TASK DETAILS: Output all entries exactly; images excluded.

━━━━━━

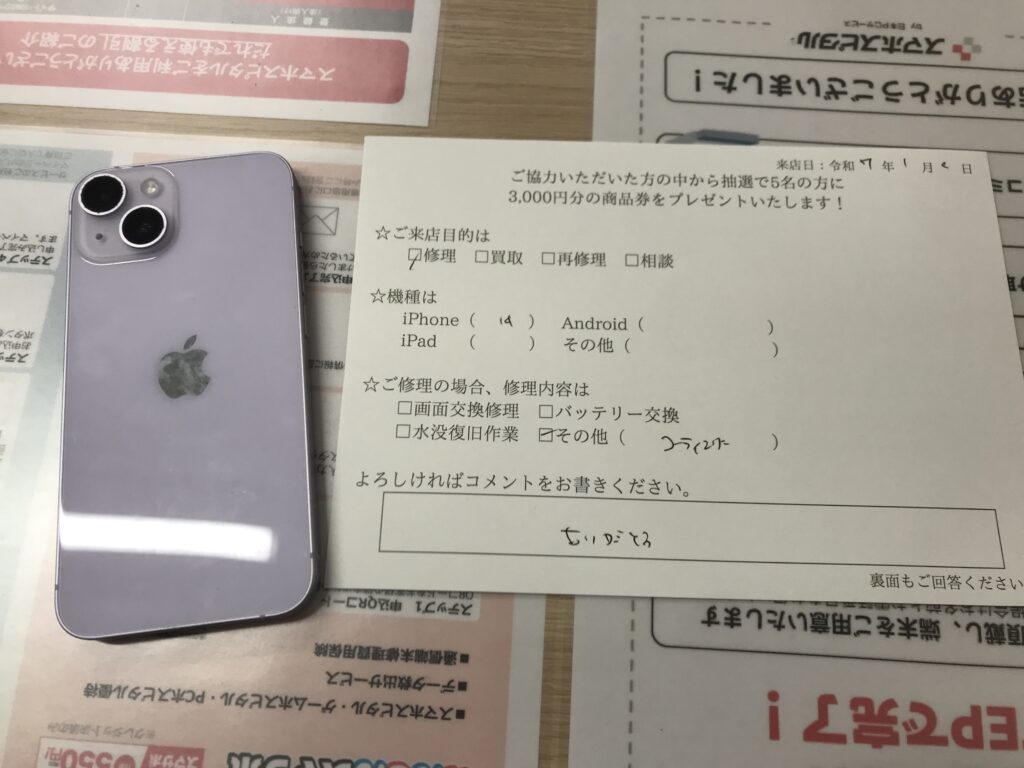 スマホスピタル 大阪梅田 【お客様の声】豊中市よりお越しのお客様iPhone14両面コーティングさせて頂きました。
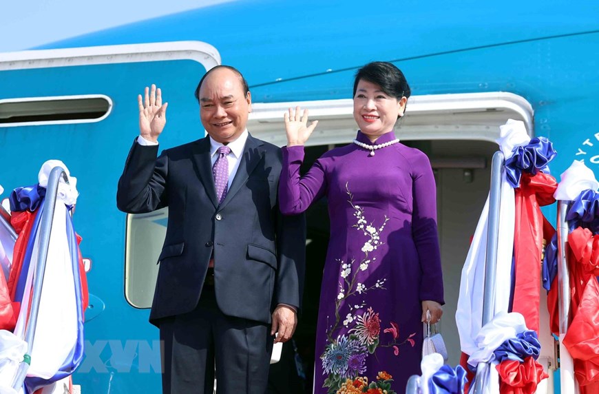 | Chủ tịch nước Nguyễn Xuân Phúc và Phu nhân tại Sân bay quốc tế Wattay, thủ đô Vientiane. (Ảnh: TTXVN) |
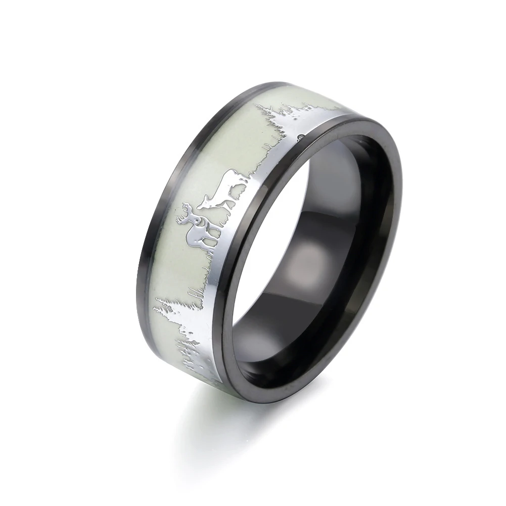 Модное светящееся черное вольфрамовое охотничье мужское кольцо ретр...
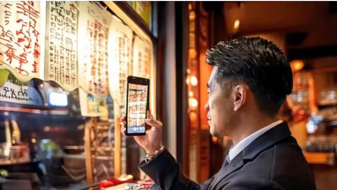 看板やメニューなどに掛かれた文字をカメラに写すと、OCRが画面内の文字を認識し、抜き出して自動的にテキスト化します。
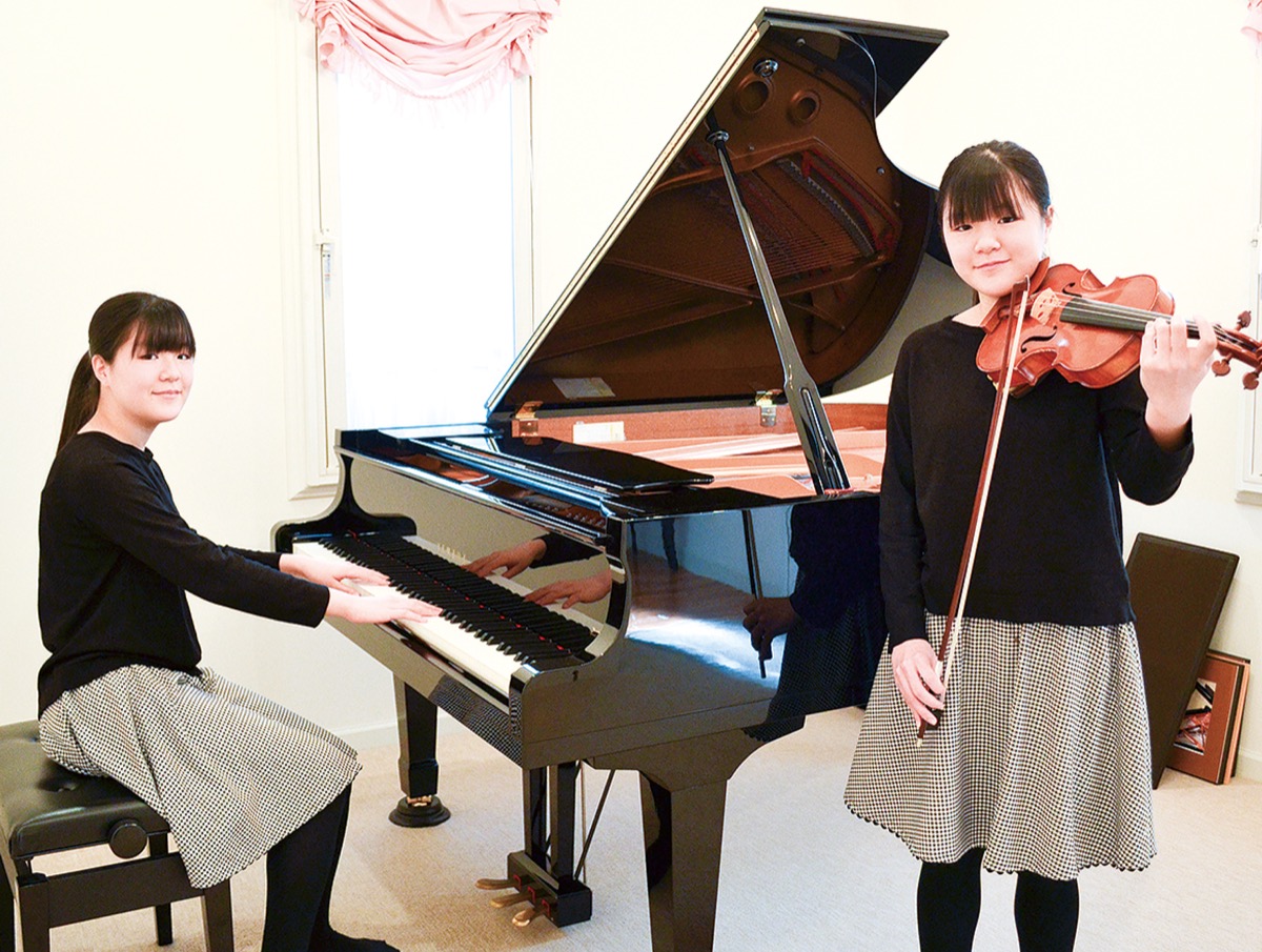 2人は、3歳でピアノを始め、続いてバイオリンにも挑戦。小学校に上がる前には、麻央さんはピアノ、梨央さんはバイオリンを「自然と」選び、練習するようになった。市内の教室で2人を幼い頃から指導してきた竹内玲子さんは「2人とも豊かでのびのびとした演奏ができる。将来が楽しみ」と話す。

━━━━━━

RESPONSE BELOW:
 スマホスピタル 大阪梅田 【お客様の声】豊中市よりお越しのお客様iPhone14両面コーティングさせて頂きました。
 | Chủ tịch nước Nguyễn Xuân Phúc và Phu nhân tại Sân bay quốc tế Wattay, thủ đô Vientiane. (Ảnh: TTXVN) |
 Модное светящееся черное вольфрамовое охотничье мужское кольцо ретр...
 看板やメニューなどに掛かれた文字をカメラに写すと、OCRが画面内の文字を認識し、抜き出して自動的にテキスト化します。
 2人は、3歳でピアノを始め、続いてバイオリンにも挑戦。小学校に上がる前には、麻央さんはピアノ、梨央さんはバイオリンを「自然と」選び、練習するようになった。市内の教室で2人を幼い頃から指導してきた竹内玲子さんは「2人とも豊かでのびのびとした演奏ができる。将来が楽しみ」と話す。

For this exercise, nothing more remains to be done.